Metropolitan News-Enterprise

 

Friday, February 22, 2002

 

Page 1

 

State High Court Strikes Down ‘Son of Sam’ Law as Unconstitutional

 

By KENNETH OFGANG, Staff Writer/Appellate Courts

 

California’s “Son of Sam” law is facially invalid under the First Amendment and the state Constitution to the extent that it permits seizure of all monies due a convicted felon from expressive materials that include the story of the crime, the state Supreme Court unanimously ruled yesterday.

Civil Code Sec. 2225(b)(1) “imposes a content-based financial penalty on protected speech,” Justice Marvin Baxter wrote for the court. The law provides for the freezing of all proceeds due the subject from the sale of the story of his or her crime.

Victims would then have five years to sue for compensation, and any awards are paid out of the proceeds. Anything left over would go to the state crime victims fund.

Rejecting a contrary conclusion by Div. One of this district’s Court of Appeal, the high court held yesterday that the law suffers from the same defects in the original New York “Son of Sam” law, which was struck down in Simon & Schuster, Inc. v.
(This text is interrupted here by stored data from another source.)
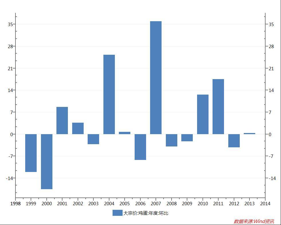 如果我們把2011年-2013年的三年可以看做一個周期,那么2011年則為雞蛋的“大年”,而2012年和2013年為“小年”,這或許也是導致2011年相對2012年和2013年走勢不同的原因。2011年在9月后創出年內高點后,從“大年”到“小年”轉變時,回調幅度更大。
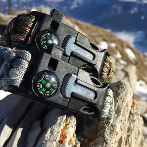 Dette er et kompas med en transparent base og en rød snor. Det har en standard kompasskive med gradueringer, ideel til navigation og orienteering. Kompas nålen er tydeligt markeret, og den røde snor gør den nem at bære om halsen. Produktets størrelse er 7,5x5,5 cm.
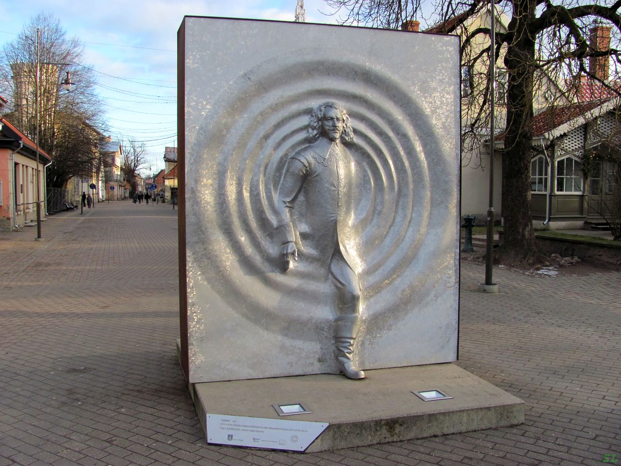 А начинается пешеходка вот с такого памятника. Это "Телепортация", памятник посвящен герцогу Екабу (Якобу), который правил здесь 40 лет с 1642-го года и при нем Кулдига как раз и расцвела. Памятник установлен в 2010-м году к 400-летию со дня рождения герцога. | |
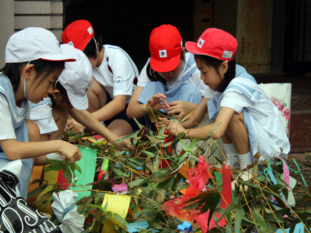 児童たちは、各姉妹学級に分かれ、願い事を書いた短冊や飾りをたくさんつけました。
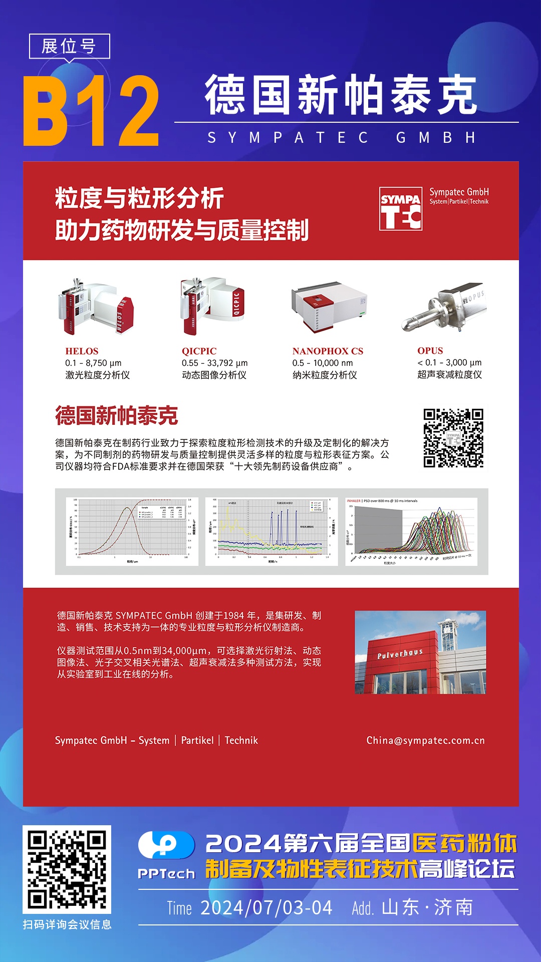 從第六屆全國醫藥粉體制備及物性表征技術高峰論壇組委會獲悉,本屆會議將于2024年7月3-4日在濟南舉辦。德國新帕泰克有限公司作為參展單位邀請您共同出席。
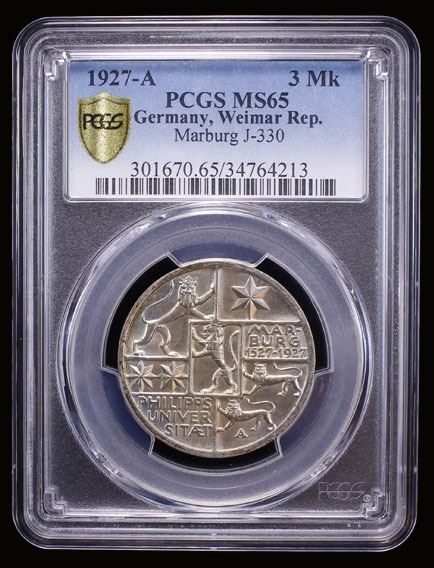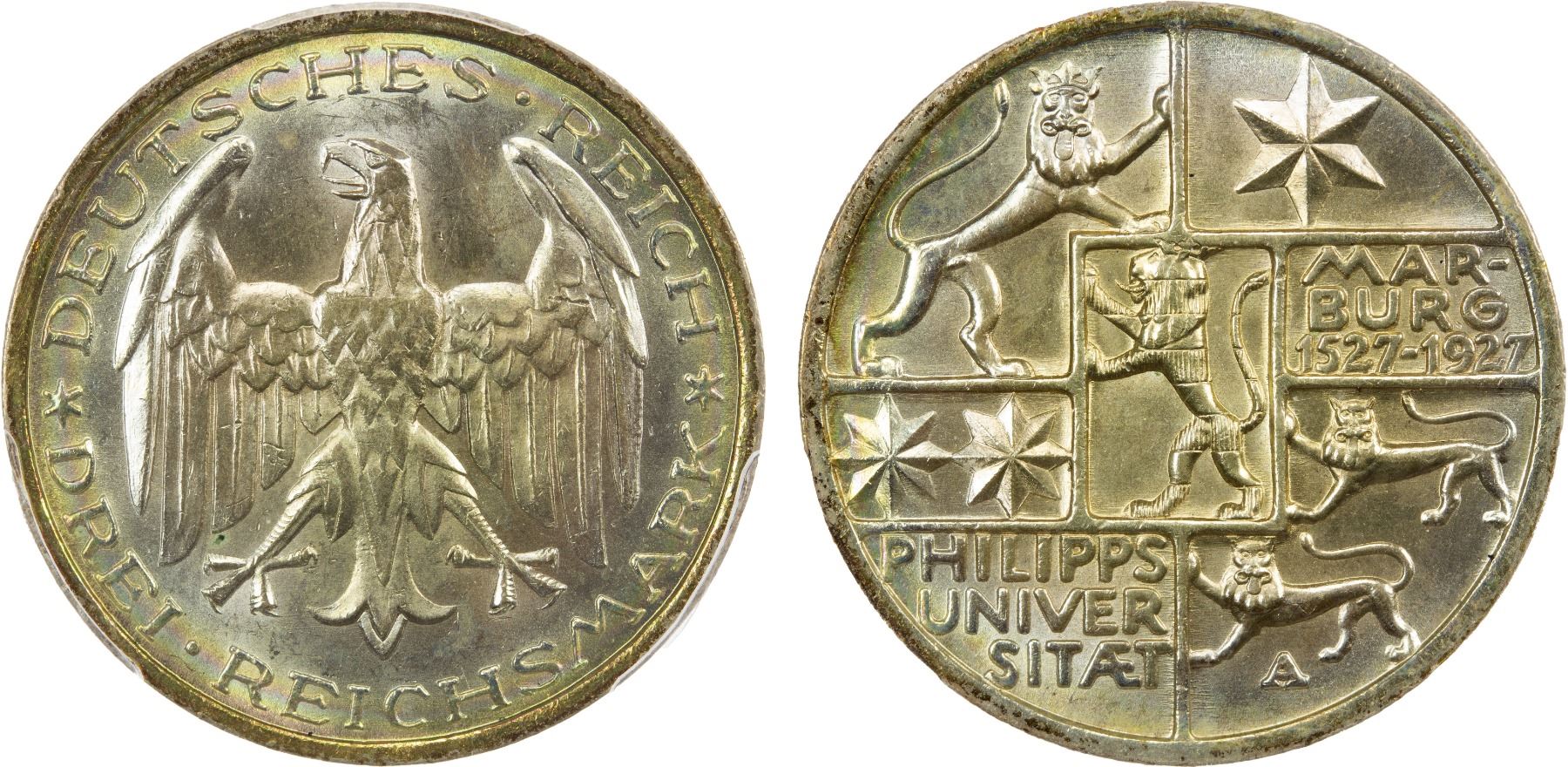 GERMANY: Weimar Republic, AR 3 reichsmark, Berlin, 1927-A, KM-53, Jaeger-330, 400th Anniversary-Philipps University in Marburg, attractive light toning, PCGS graded MS65.
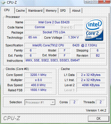 | Процессор (ядро) | Intel Core 2 Duo (Conroe) |
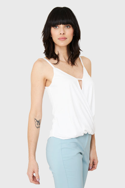 Características: Polera pabilo ajustable con escote cruzado y detalle en el busto. Posee forro y tiene efecto pliegues en la parte baja.
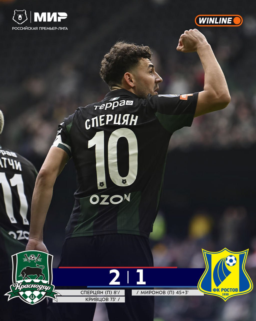 «Краснодар» набрал 43 очка и вернулся на первое место в турнирной таблице РПЛ. На второй строчке «Зенит» (42), «Ростов» расположился на 11-м месте (21).
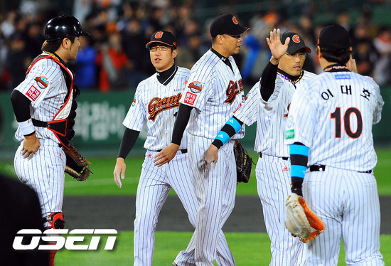 17일 오후 부산 사직구장에서 2011 롯데카드 프로야구 플레이오프 2차전 롯데 자이언츠와 SK 와이번스의 경기가 열렸다 롯데 자이언츠가 지긋지긋한 포스트시즌 홈 12연패의 늪에서 탈출하며 부산 홈 팬들에게 기쁨을 선사했다. 무려 4378일 만의 홈경기 승리다. 롯데는 17일 사직구장에서 열린 '2011 롯데카드 프로야구' SK 와이번스와 PO 2차전에서 선발 송승준의 1실점 호투와 전준우의 투런포 덕분에 4-1로 승리를 거뒀다. 덕분에 롯데는 지난 1999년부터 이어진 포스트시즌 홈 연패에서 벗어났다. 경기 종료 후 롯데 선수들이 승리의 기쁨을 나누고 있다./soul1014@osen.co.kr

Members of N. Y. State Crime Victims Bd. (1991) 502 U.S. 105.

The distinctions relied on by the Court of Appeal, including the requirement that the subject have been convicted of the crime or acquitted by reason of insanity, do not cure the problem identified by the nation’s highest court—the failure to narrowly tailor the remedy to suit the state’s compelling interest in compensating crime victims—Baxter said.

‘Protected Expressive Works’

“By any reasonable construction,” the justice wrote, “the California statute is still calculated to confiscate all income from a wide range of protected expressive works by convicted felons, on a wide variety of subjects and themes, simply because those works include substantial accounts of the prior felonies.”

Baxter’s opinion was joined by five other justices. Justice Janice Rogers Brown concurred separately.

Several other states, and the U.S. Congress, have enacted similar laws. Rhode Island’s was struck down by its state Supreme Court in 1997, while challenges to two other state’s laws were decided on non-constitutional grounds, Baxter said in a footnote.

The case ruled on yesterday was brought by Frank Sinatra Jr. against Barry Keenan, who was convicted of masterminding the 1963 kidnapping of Sinatra from a Lake Tahoe hotel, as well as two confederates and others involved in a proposal to create a motion picture entitled “Snatching Sinatra.” Keenan served more than four years in prison for the crime.

$1.5 Million Paid

The film would be based on an article by the same title, written by Peter Gilstrap and published by New Times Los Angeles in 1998. Columbia Pictures allegedly paid $1.5 million for the rights.

Sinatra asked that all monies due the kidnappers or their “representatives” be seized under the statute, and that he be compensated for the financial and emotional damage he suffered, resulting both from the kidnapping and from claims by Keenan—since admitted to be lies—that the kidnapping was a hoax perpetrated with Sinatra’s assistance in order to extort money from his father.

But Sinatra—who did not file a tort action against Keenan within the time allowed by the statute of limitations—appears to be foreclosed by yesterday’s ruling.

Baxter said the law was overinclusive and arbitrary in targeting all proceeds of a crime, rather than merely the amount necessary to compensate victims, and in targeting nearly all expressive materials related to a crime for which the subject has been convicted.

The law, he said, “sweeps within its ambit a wide range of protected speech, discourages the discussion of crime in nonexploitative contexts, and does so by means not narrowly focused on recouping profits from the fruits of crime.”

Brown, in her separate opinion, opined that a valid “Son of Sam” law could be enacted if it targeted projects like “Snatching Sinatra”, in which “it is the celebrity status of his victim that makes the story newsworthy,” as opposed to works by well-known authors discussing their criminal pasts.

Keenan’s attorney, Stephen Rohde of Century City’s Rohde & Victoroff, said the legal force of the ruling was heightened by the court’s decision to base it on both the state and federal constitutions.

By relying on the California Constitution, he told the MetNews, the court had insulated its decision from U.S. Supreme Court review. At the same time, Rohde said, the ruling may influence other states, “given its persuasive authority and given the stature of this court.”

Sinatra’s attorney, Richard B. Specter of Irvine’s Corbett & Steelman, did not return a phone call.

The case is Keenan v. Superior Court, 02 S.O.S. 925.